Granted, the film definitely tests the boundaries of tedium, and if it were any longer I probably wouldn't have tolerated it as much, but instead Ming-liang is restrained and economic with all his dozen or so shots. Scenes like watching the monk climb slowly down a subway staircase for 15 minutes bleeds so much life. It's pure meditative cinema, stripped down but honest. Other shots are almost a case of Where's Wally in finding the monk among the crowd. It's delightfully entertaining and makes you think about cinema can do. Self-aware moments certainly confirm that Ming-liang isn't ignoring the audience. I can't tell whether he's is truly pretentious or laughing at us with this, but it works on so many levels. It holds a tense and quirky atmosphere that's interesting and strangely poignant, yet quietly exuberant. Helps that it's such a rich aesthetic experience with its gorgeous cinematography and dense sound design. I understand why many find the film hallow but this is a rich tapestry for me.

8/10

Reviewed by Reno Rangan 7 / 10

Something a very unique achievement to video document!

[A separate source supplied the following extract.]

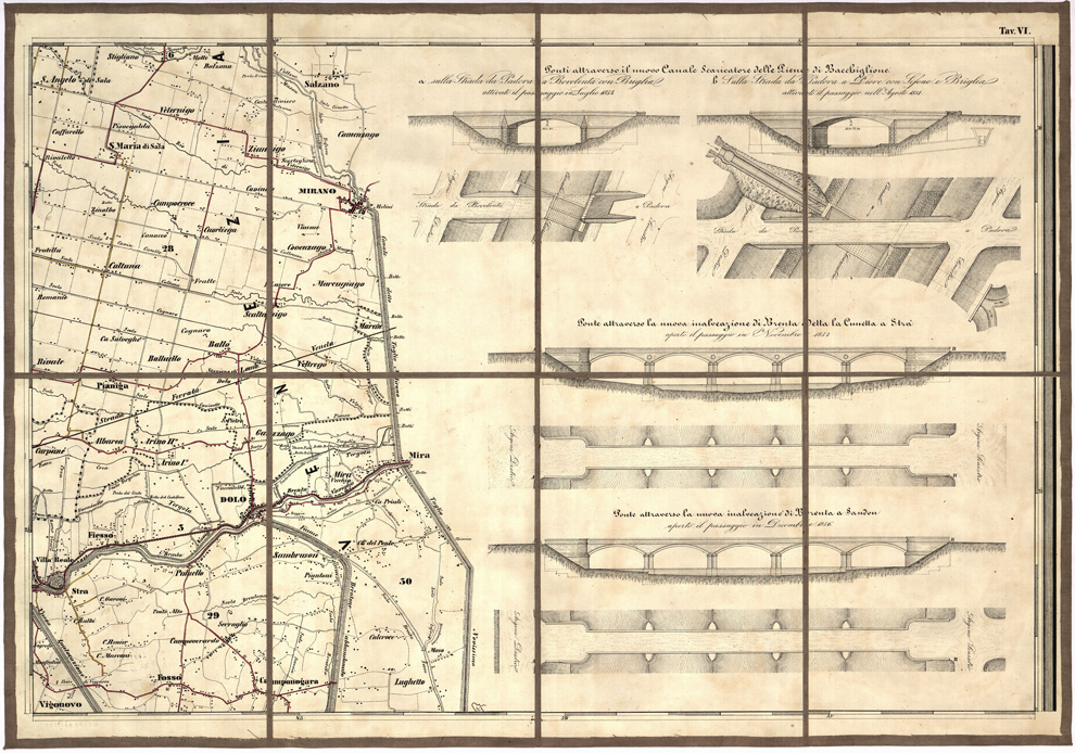 "...E DEI TERRENI CHE SI ESTENDONO FINO ALLA SINISTRA SPONDA DEL FIUME ADIGE E LA LAGUNA DI CHIOGGIA. DELINEATA DA ORAZIO MORELLO SOTTO LA DIREZIONE DEL R. INGEGNERE IN CAPO VINCENZO BOGNOLO SULLA BASE DI QUELLA DELL'ISTITUTO GEOGRAFICO, DELLE MAPPE CENSUARIE CONSORZIALI, DELLE PLANIMETRIE ESISTENTI PRESSO L'UFFICIO PROVINCIALE DELLE PUBBLICHE COSTRUZIONI, E DI LOCALI RILIEVI. DEDICATA ALLA CONGREGAZIONE PROVINCIALE DI PADOVA CHE INCORAGGIO' L'OPERA. Carta in dodici fogli in litografia montati su tela. Carta ricca di dettagli e assai nitida. Rappresentazione orografica a tratteggio. Il foglio n. 1 contiene il titolo, il quadro d'unione e la leggenda dei segni convenzionali i fogli n. 3, 6, 9 contengono i disegni dei principali sostegni e manufatti idraulici il foglio n. 4 contiene i prospetti statistico-amministrativi i fogli n. 11 e 12 contiene cenni sui lavori di sistemazione di Brenta e Bacchiglione. Guglielmo Seiffert inc. Prem. Lit. P. Prosperini. Carta analoga a quella al numero d'ordine 141 cartella d'archivio n. 59 documento 31."

This is nothing like anything I have ever seen before. Quite an interesting film, but not for everyone. Yep, I thought it was boring in the opening, but later I get used to it and began to analyse. A film that has only a concept, but there's no beginning or the ending. However, displaying the film subject in the variety of angles was stunning. Sometimes I was keenly looking for where the subject has gone. At sometime it felt like a lazy afternoon under the shades while bright sunlight was on the other side.

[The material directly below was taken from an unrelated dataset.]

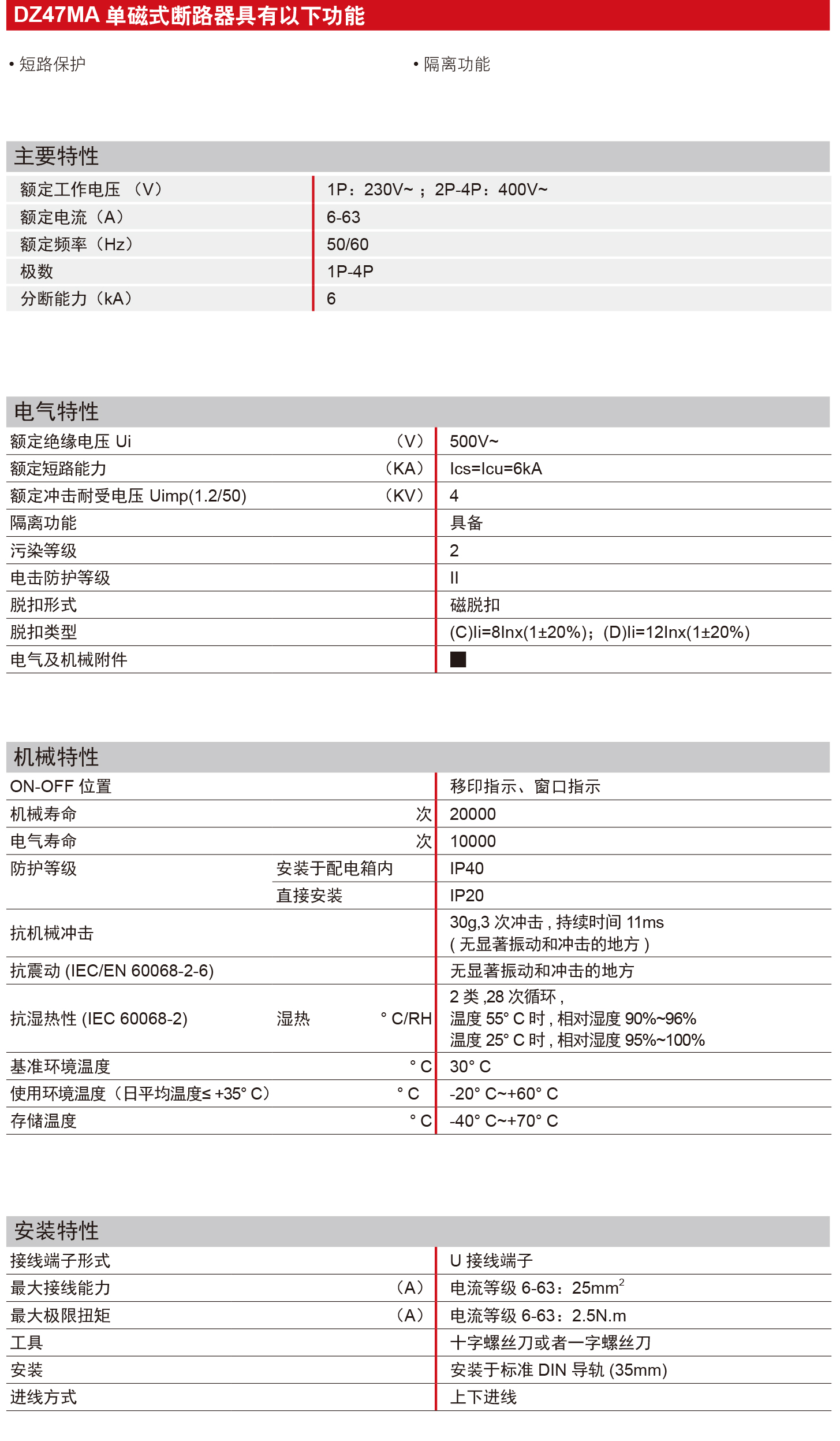 Home page >Products >Power Distribution Products >Final Distribution >Miniature Circuit Breaker >Miniature Standard Circuit Breaker (GB14048.2) >DZ47MA Single Magnetic Circuit Breaker

It was a Taiwan-French co-production and an hour long film that documents a Buddhist monk who has undertaken a slow walk procession in the streets of southern France coast city Marseille which is accompanied by a French actor. It reminded me the recent animation I had seen 'Zootopia', where sloths comes into the scene. Had so much fun, but in not here.

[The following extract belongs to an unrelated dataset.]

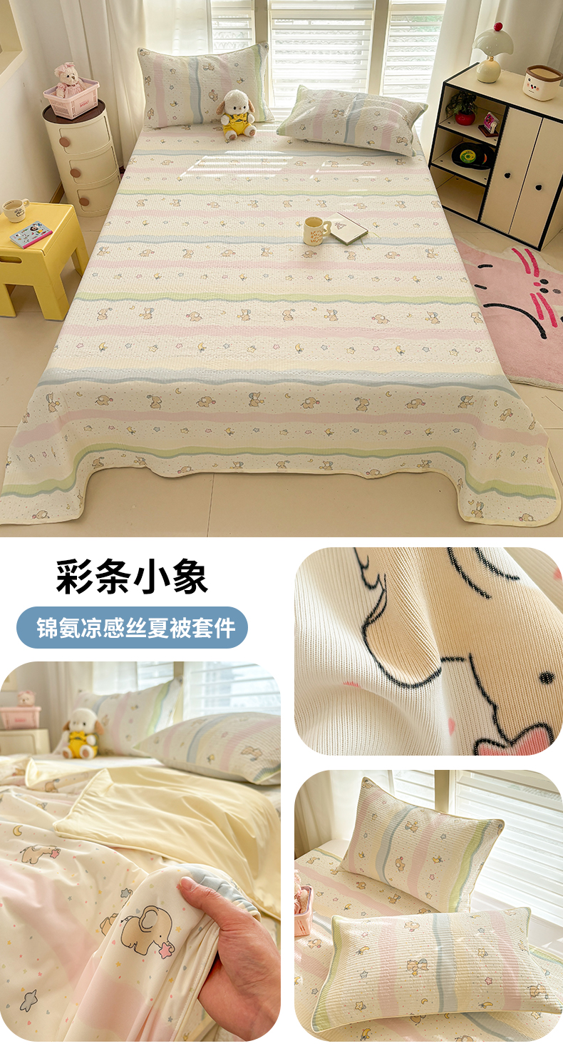 • 91家纺网 家纺一手货源 找家纺 (总)优悦生活馆 2026新款麻绳款锦氨凉感丝夏被,蝴蝶结小兔,彩条小象,飞马,水果小人,小猫花朵,小王子

I don't know what the monk did was called, but definitely it is a fine study material. Like in this modern world where everything is fast and superfast, what it would be like being superslow and how people reacts to it. Actually, many were simply minding their own business, but a few were curiously looking at, like a cultural and/or the religious difference is something to do with it. A cool film, an art film, but not recommended unless you're not looking for the entertainment only.

7/10

Reviewed by gregking4 2 / 10

Dull, slow moving and tedious

Dull, slow moving and tedious. Shot in a series of long takes, this minimalist film from Taiwanese director Tsai Ming-Liang (Stray Dogs, etc) will surely test the patience of many in the audience, even with its mercifully brief running time of 56 minutes. A monk (Lee Kang-sheng) slowly makes his way across the streets of Marseilles, moving in very slow and deliberate style. His painfully slow and measured pace is meant to offer a marked contrast to the fast pace of contemporary life with busy people rushing to get nowhere fast. In one sequence he painstakingly walks down the steps to a subway station while people hurry by. In another long sequence, the monk's slow pace is imitated by French actor Denis Lavant (a regular in the films of Leos Carax). Others watch the monk's glacially paced journey with bemusement. The opening sequence itself lasts for five minutes and consists of a close up of Lavant's face as he contemplates the day ahead. There is no dialogue in the film, but the sound scape consists of ambient noise and the hum of traffic. Cinematographer Antoine Heberle (Paradise Now, Under The Sand, etc) keeps the camera still, and characters walk from one edge of the frame to the other, and the monk often enters the frame from an unexpected angle. Journey To The West is more experimental and artistic than anything else and is of limited appeal.